No, the (un)ref method is exposed in the GTypeValueTable.

> The value transformation routines were added since the dynamic bindings for
> objects such as GstMiniObject use gst_mini_object_set/get_value

They should be able to use g_value_set_instance / g_value_peek_pointer,
keeping gst_mini_object_*_value for C convenience.

> 
> > (By the way, not only GstMiniObject and GObject are GTypeInstance,
> > also GParamSpec is, so this writing binding this way could facilitate
> > memory management)
> 
> GParamSpec is not instantiable, g-i only support GTypeInstances with
> the instantiable
> flag set. In practice, only GstMiniObject is tested/supported.

Ok

> 
> > 7) Union, structs, instances all have fields and method. Also,
> > instances and interfaces have vfuncs. Finally, GObject / GInterface
> > (with a GObject prerequisite) have properties and signals.
> > Why each of them has its own method (pun not intended) for introspecting them?
> > (as a side note: Vala has methods for enums)
> 
> This is because the way the typelib is designed. The data is not
> "inherited" properly.
> It could be fixed but it would break the typelib compatibility.
> I guess patches are welcome to fix that because we freeze the typelib
> for GNOME 3.

Why does the GIRepository API reflect the typelib?
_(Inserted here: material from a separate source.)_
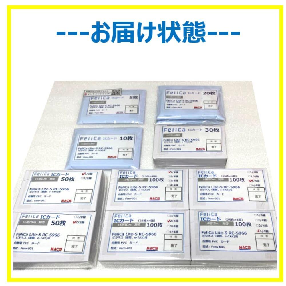 製品仕様 アンテナサイズ 76*45mm カードサイズ 85.6×54mm カードの厚さ 0.84mm カード素材 プラスチック(pvc) 電子仕様 チップタイプ FeliCa Lite-S(フェリカ ライトS) RC-S966 プロトコル ISO/IEC18092 動作周波数 13.56 MHz 読書距離 0-50mm (周辺環境やリーダライタ機器によって異なります) メモリ 240byte 使用可能なメモリ 224byte 持久力 50万回以上 データ保持 10年以上 品質 100%テスト 専用読み取りリーダーNAF-Σにて 出荷前 全数検査実施) 環境 動作温度 -25 ℃?70 ℃ 保存温度 -55 ℃?125 ℃ 型番:Lite-S RC-S966 FeliCaチップ、寸法:85.5×54×0.8mm、材質:プラスチック、重量:約6g、通信:FeliCa 通信方式, NFC(ISO18092)Passive mode に準拠、チップ名称:FeliCa Lite-S、チップメーカー:ソニー株式会社、通信距離:5cm、チップID番号:16桁、システムコード:未設定、サービスコード:未設定、NDEF仕様:未フォーマット 5枚・10枚・20枚・30枚・50枚・200枚・300枚・500枚がございます。 本商品は型式:Fem-001です。真っ白なブランクカードはFe-001、紐づけはFeh-001になります。 社員証、学生証、ポイントカード、勤怠管理システム、入退室管理システム、セキュリティドア・ロックなどの様々な用途にご利用いただけます。※当商品は業務用になりますので、ご注意ください。
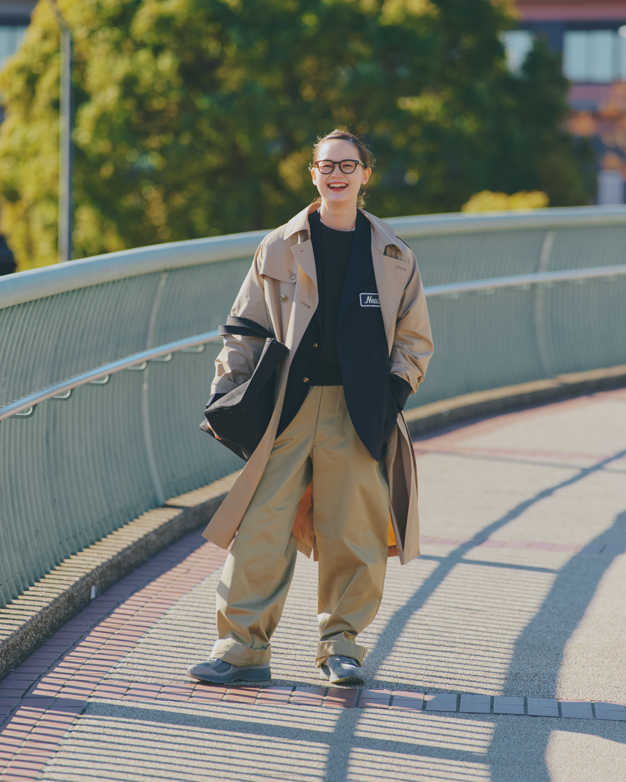 お洒落なジェンツをお手本に、紺ブレザーとトレンチコートを粋にコーディネート。コートとチノパンツの色を揃えて、大人の余裕を感じさせて。きちんとした雰囲気はありつつも、このゆるっとしたサイズ感がこなれた着こなしにしてくれる。

The typelib design
should only be an implementation detail of libgirepository, that can be
fixed at any time by recompiling gir files.

> 
> > 8) On the other hand, all GTypeInstance get a GIObjectInfo, but only
> > GObject has properties and signals. Would it be more appropriate to
> > move GObject specific code down the hierarchy?
> 
> Designed for the GstMiniObject which lacks properties,
> would be easy to extend if you had a real-world use case for it.
> 
> > Last comment: why none of this API uses GObject and is not even a
> > registered boxed?
> 
> See B)

Again, I believe you should design the API and the type library
separately, they have different requirements.